2015-03-20	Automatically update /Length and /Filter in pdf_update_stream.	Tor Andersson

2015-02-25	Allow pdf_device to be created with pre-populated buffer.	Robin Watts
	When watermarking, we may want to use the PDF device on an existing buffer. In this case, we have no 'contents' object.
2015-02-17	Use embedded superclass struct instead of user pointer in devices.	Tor Andersson

2015-02-17	Add ctx parameter and remove embedded contexts for API regularity.	Tor Andersson
	Purge several embedded contexts: Remove embedded context in fz_output. Remove embedded context in fz_stream. Remove embedded context in fz_device. Remove fz_rebind_stream (since it is no longer necessary). Remove embedded context in svg_device. Remove embedded context in XML parser. Add ctx argument to fz_document functions. Remove embedded context in fz_document. Remove embedded context in pdf_document. Remove embedded context in pdf_obj. Make fz_page independent of fz_document in the interface. We shouldn't need to pass the document to all functions handling a page. If a page is tied to the source document, it's redundant; otherwise it's just pointless. Fix reference counting oddity in fz_new_image_from_pixmap.

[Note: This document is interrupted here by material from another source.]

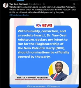 “With humility, conviction, and a resolute heart, I, Dr Yaw Osei Adutwum, declare my intent to run for the Flagbearership of the New Patriotic Party (NPP), should nominations be officially opened by the party,” he wrote.
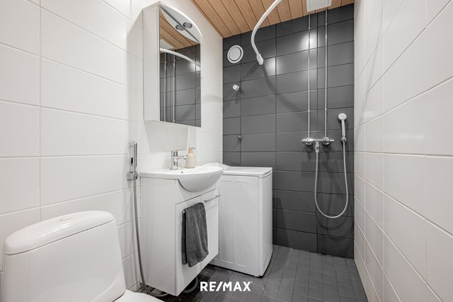 - WC-istuin, suihku, peilikaappi (ei kytketty sähköjä (kaapin valo+pistoke ei toiminnassa)), pesuallas, bidee-suihku, allaskaappi, ja lattialämmitys

2015-02-17	Rename fz_close_* and fz_free_* to fz_drop_*.	Tor Andersson
	Rename fz_close to fz_drop_stream. Rename fz_close_archive to fz_drop_archive. Rename fz_close_output to fz_drop_output. Rename fz_free_* to fz_drop_. Rename pdf_free_ to pdf_drop_. Rename xps_free_ to xps_drop_*.
2014-05-29	fix memory leaks during PDF document creation	Simon Bünzli
	pdf_create_document leaks the trailer and in pdf-device.c many objects are inserted into dictionaries using pdf_dict_puts and leaked instead of using pdf_dict_puts_drop.